3
votes

I'm currently migrating all of our company's applications to the Azure platform. We have 4 Web Applications and a single Windows Service.

I'm not sure whether i should use deploy each website to azure as a Cloud Service or as a Website.

I've read some articles about the differences between those two but i still don't understand why one would choose Cloud Service over Website when its a small sized company.

In addition to that I came across a suggestion which says to simply get a Single VM and deploy all applications, including the Windows Service to that VM and be done with it. What do you think about it?

1

1 Answers

5
votes

First: Take a look at this SO answer I posted, enumerating some of the differences between the two.

Now: The size of a company should have nothing to do with whether you're deploying to a Website vs. a Cloud Service.

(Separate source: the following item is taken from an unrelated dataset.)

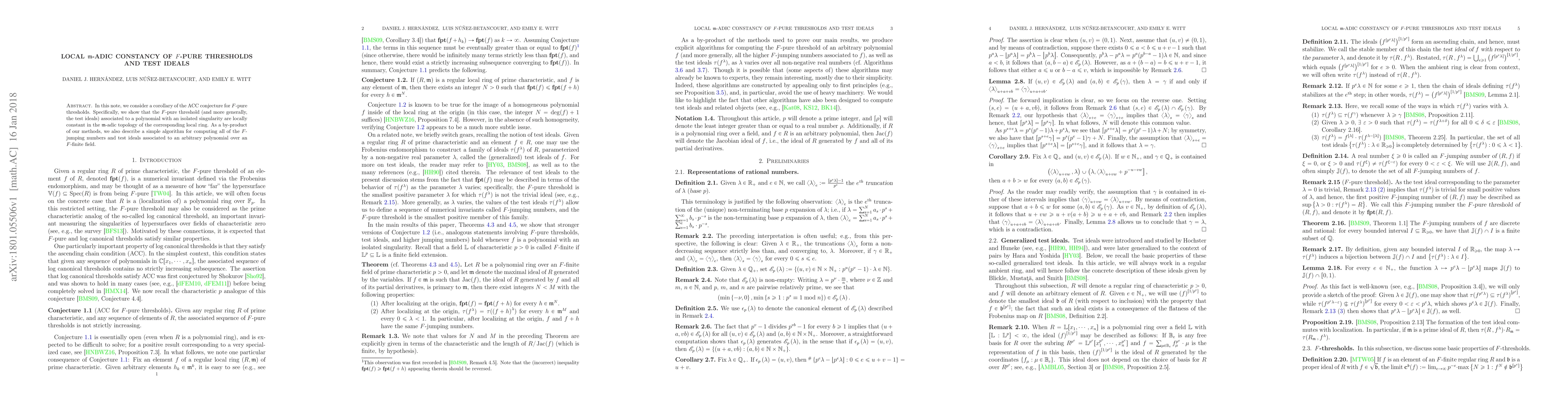 In this note, we consider a corollary of the ACC conjecture for F-pure thresholds. Specifically, we show that the F-pure threshold (and more generally, the test ideals) associated to a polynomial with an isolated singularity are locally constant in the m-adic topology of the corresponding local ring. As a by-product of our methods, we also describe a simple algorithm for computing all of the F-jumping numbers and test ideals associated to an arbitrary polynomial over an F-finite field.

For me, I see this as a relatively straightforward decision tree:

  • Do you require Linux? If so, you need a Virtual Machine.
  • If you need to scale to high-end VM sizes (e.g. XL, A6, or A7), you'll need Cloud Services or Virtual Machines.
  • If you need a VPN / virtual network, registry tweaks, admin-level installers (e.g. ActiveX), complex long-running installs (e.g. SQL Server), RDP/ssh access, or unsupported programming languages in Websites, you will need to go with Cloud Services or Virtual Machines.
  • Regarding supported languages: Today Websites support .NET, Node.js, PHP, and Python.

If you get past the abovementioned restrictions, Websites work wonderfully. In fact, you can place your web (or web services) tier in Websites, and then put your middle tier into Cloud Services if you wanted to, and put things such as database servers and CI engines such as Jenkins into Virtual Machines. Really the breakdown is completely up to you.

Websites is really a great platform for deploying, since you get version control integration and near-instant deployments.